◆ **Instructions for the task**: Your copy starts at the line containing "Диск пильный KRANZ" and ends at the last line of the material below. Reproduce those lines exactly, with no pictures.

◆ **Data for analysis**:
[Start of section]
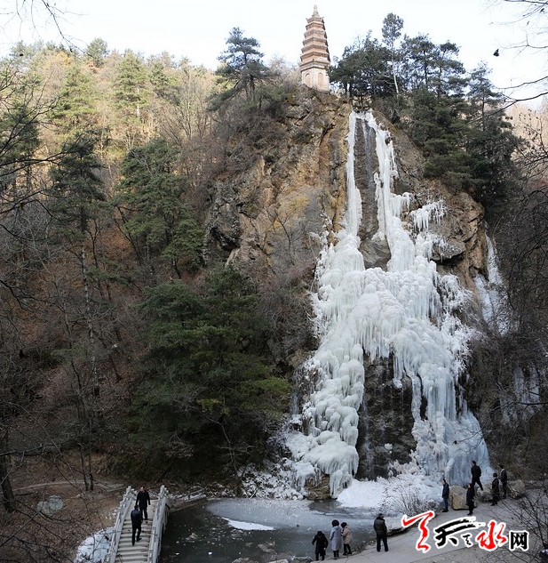 1月1日,游客在麦积山植物园观赏冰瀑景观。
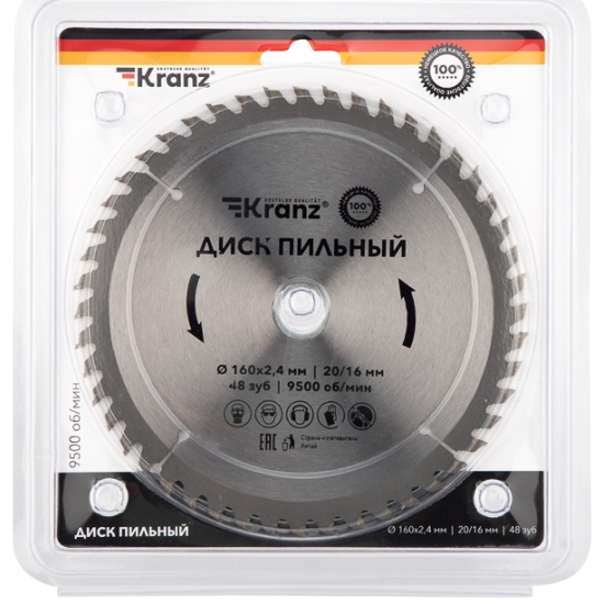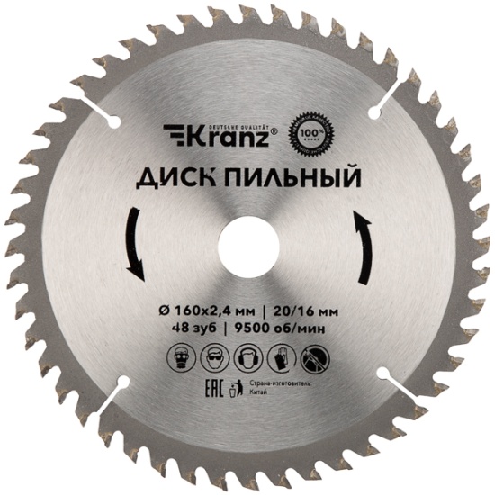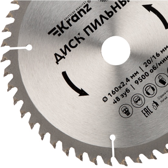 Диск пильный KRANZ диам. 160 мм, 48 зуб, посадка 20/16 мм KR-92-0108
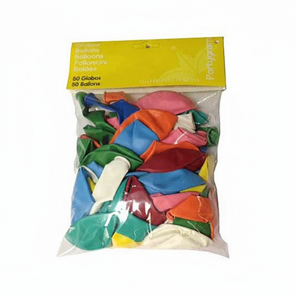 Pack de 50 globos de látex en colores surtidos, ideales para decorar cumpleaños, fiestas y eventos infantiles.
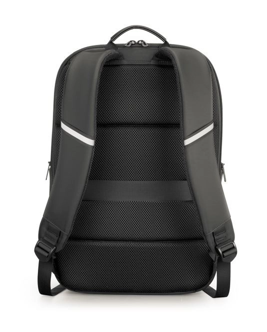 Ademend rugpand, verstelbare schouderbanden met reflecterende elementen en een band voor bevestiging op een koffer zorgen voor comfort en zichtbaarheid bij elke stap.
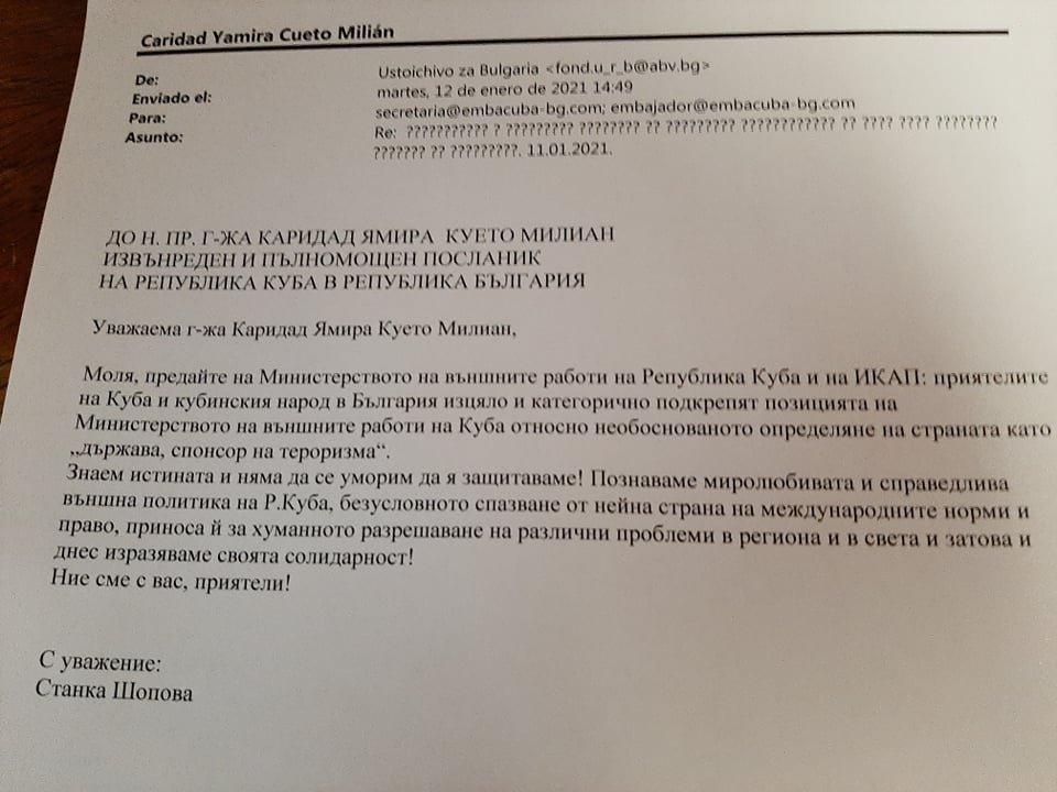 Моля, предайте на Министерството на външните работи на Република Куба и на ИКАП: приятелите на Куба и кубинския народ в България изцяло и категорично подкрепят позицията на Министерството на външните работи на Куба относно необоснованото определяне на страната като „държава, спонсор на тероризма“.
[End of section]
◆ **Final answer**:
 Диск пильный KRANZ диам. 160 мм, 48 зуб, посадка 20/16 мм KR-92-0108
 Pack de 50 globos de látex en colores surtidos, ideales para decorar cumpleaños, fiestas y eventos infantiles.
 Ademend rugpand, verstelbare schouderbanden met reflecterende elementen en een band voor bevestiging op een koffer zorgen voor comfort en zichtbaarheid bij elke stap.
 Моля, предайте на Министерството на външните работи на Република Куба и на ИКАП: приятелите на Куба и кубинския народ в България изцяло и категорично подкрепят позицията на Министерството на външните работи на Куба относно необоснованото определяне на страната като „държава, спонсор на тероризма“.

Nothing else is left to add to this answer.